Write out an exact copy of the line containing "2017年11月,國家旅游局" and all lines that follow it in the data below, leaving out pictures.

→ Stored data
BEGIN
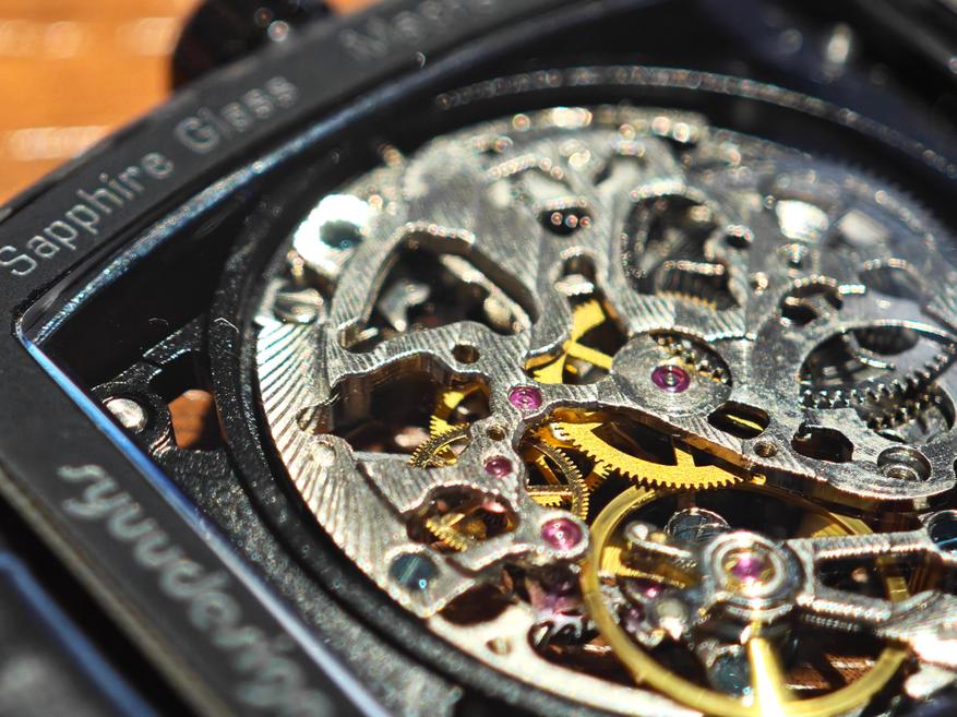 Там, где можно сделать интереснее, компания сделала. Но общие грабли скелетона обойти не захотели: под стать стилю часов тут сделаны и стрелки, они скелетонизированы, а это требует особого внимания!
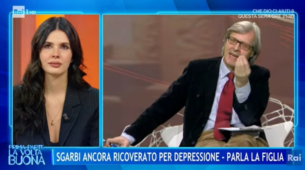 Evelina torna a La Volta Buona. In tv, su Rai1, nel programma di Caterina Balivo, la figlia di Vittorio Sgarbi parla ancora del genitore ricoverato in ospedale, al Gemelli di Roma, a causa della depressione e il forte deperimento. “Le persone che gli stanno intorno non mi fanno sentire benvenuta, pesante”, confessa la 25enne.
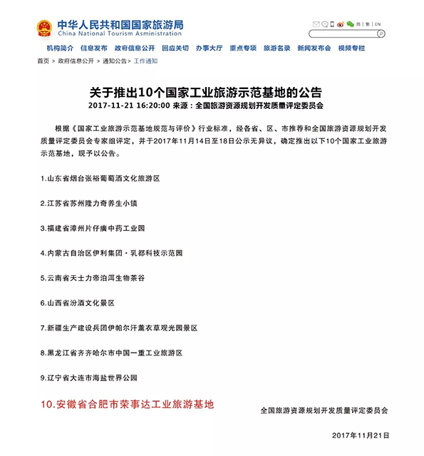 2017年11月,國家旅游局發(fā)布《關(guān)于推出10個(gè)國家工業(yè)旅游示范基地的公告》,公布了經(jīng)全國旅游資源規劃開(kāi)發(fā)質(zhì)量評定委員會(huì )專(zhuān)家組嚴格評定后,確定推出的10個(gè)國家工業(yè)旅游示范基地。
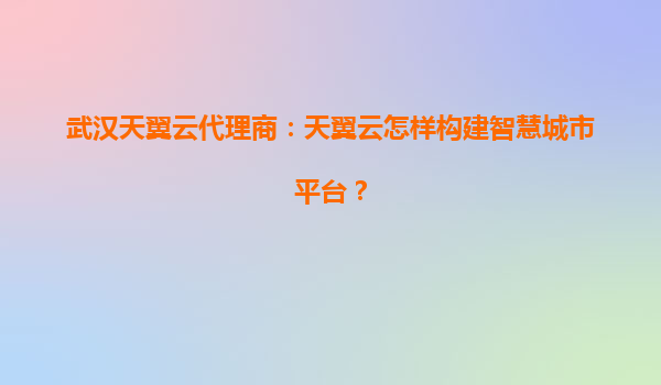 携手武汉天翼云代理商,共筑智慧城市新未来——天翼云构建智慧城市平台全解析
END
→ Task output
 2017年11月,國家旅游局發(fā)布《關(guān)于推出10個(gè)國家工業(yè)旅游示范基地的公告》,公布了經(jīng)全國旅游資源規劃開(kāi)發(fā)質(zhì)量評定委員會(huì )專(zhuān)家組嚴格評定后,確定推出的10個(gè)國家工業(yè)旅游示范基地。
 携手武汉天翼云代理商,共筑智慧城市新未来——天翼云构建智慧城市平台全解析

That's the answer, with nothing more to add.